High-temperature superconductivity?
A rare phenomenon has such an amazing history as superconductivity - the discovery made by Camerling-Onnes in 1911. But all superconductors passed into the superconducting state at very low temperatures - near absolute zero. Is a remarkable phenomenon - superconductivity - always a low-temperature phenomenon? It turns out that back in 1964 the American Little spoke out an interesting idea about high-temperature superconductivity. In his hypothetical model, high-temperature superconductivity should occur at temperatures of the order of 10000 K!
It turned out that superconductivity arises because in metals between electrons there are small forces... of attraction. Of course, the Coulomb law is not canceled, and the two electrons continue to repel each other. But apart from this repulsion, in the metal there are also forces of attraction.
An electron in a metal is not an electron in a vacuum, it is surrounded on all sides by heavy ions forming a crystal lattice. Flying through a section of metal, the electron attracts surrounding ions to it and thereby tries to shift them a little. When another electron hits this place in a short time, he sees before him the ions perturbed by the first electron, and thus, as it were, "senses" his presence. Indirect interaction between electrons is transmitted through the displacement of ions and leads to the appearance of an attractive force.

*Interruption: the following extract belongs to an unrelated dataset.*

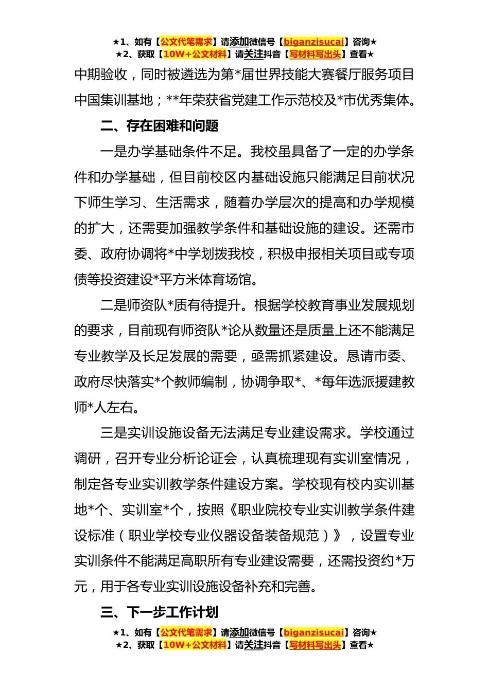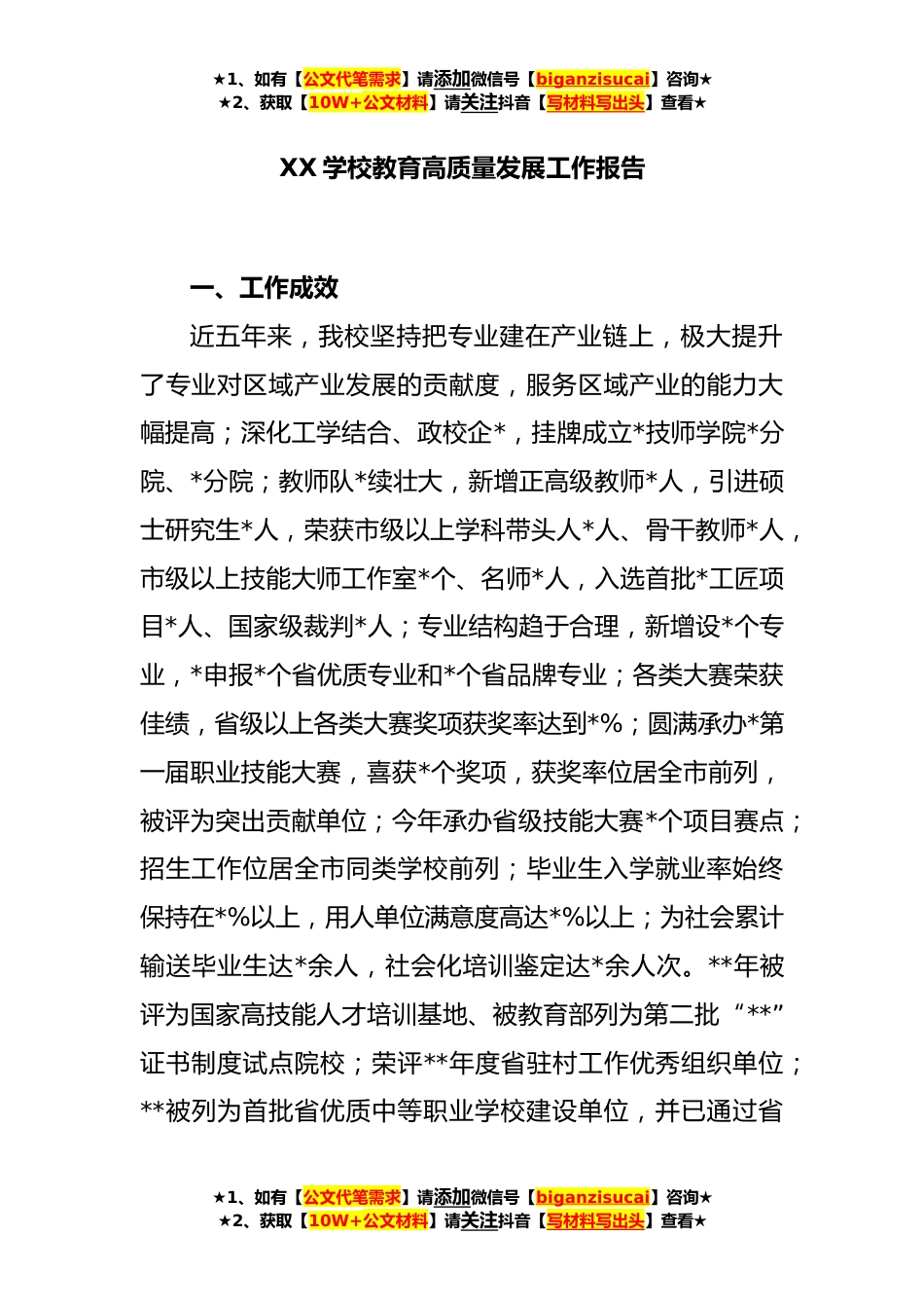 ★1、如有【公文代笔需求】请添加微信号【biganzisucai】咨询★★2、获取【10W+公文材料】请关注抖音【写材料写出头】查看★XX学校教育高质量发展工作报告一、工作成效近五年来,我校坚持把专业建在产业链上,极大提升了专业对区域产业发展的贡献度,服务区域产业的能力大幅提高;深化工学结合、政校企*,挂牌成立*技师学院*分院、*分院;教师队*续壮大,新增正高级教师*人,引进硕士研究生*人,荣获市级以上学科带头人*人、骨干教师*人,市级以上技能大师工作室*个、名师*人,入选首批*工匠项目*人、国家级裁判*人;专业结构趋于合理,新增设*个专业,*申报*个省优质专业和*个省品牌专业;各类大赛荣获佳绩,省级以上各类大赛奖项获奖率达到*%;圆满承办*第一届职业技能大赛,喜获*个奖项,获奖率位居全市前列,...

In some metals, the attraction between electrons is greater than the Coulomb repulsion. They establish the order in the electronic movements, which the random thermal motion will for its part seek to destroy. But with a decrease in temperature, the effect of thermal motion will decrease, and sooner or later the metal must necessarily go into a superconducting state.
The fact that the transition temperatures in the superconducting state of ordinary metals and alloys are small is the result of the weakness of the attractive forces that arise between the electrons. Is it possible to arrange something so that the forces of attraction between electrons do not arise from the displacement of ions, but, say, from the displacement of lighter electrons? Electrons are much lighter than ions, they will be displaced much more willingly. The forces of attraction will increase greatly, and together with them the temperatures of the superconducting transition will also increase. It is only necessary to separate the electrons participating in the conductivity somehow from the electrons that provide the attraction between them.
Imagine a one-dimensional chain of atoms, for example, carbon, or some other element through which an electric current can flow. We attach to the sides of this chain at some distance from each other large groups of atoms that can easily polarize. Electrons of this group will easily move from one end to the other under the action of an electric field. The electron of the conducting chain, flying past each side group, will cause the displacement of its electrons. And another conductive electron will feel the effect of this displacement. And between the conduction electrons again there will be an effective attraction, as in the case of ion transport. Only now it will be much more. Calculations show that at temperatures of the order of 10000 K, high-temperature superconductivity should arise!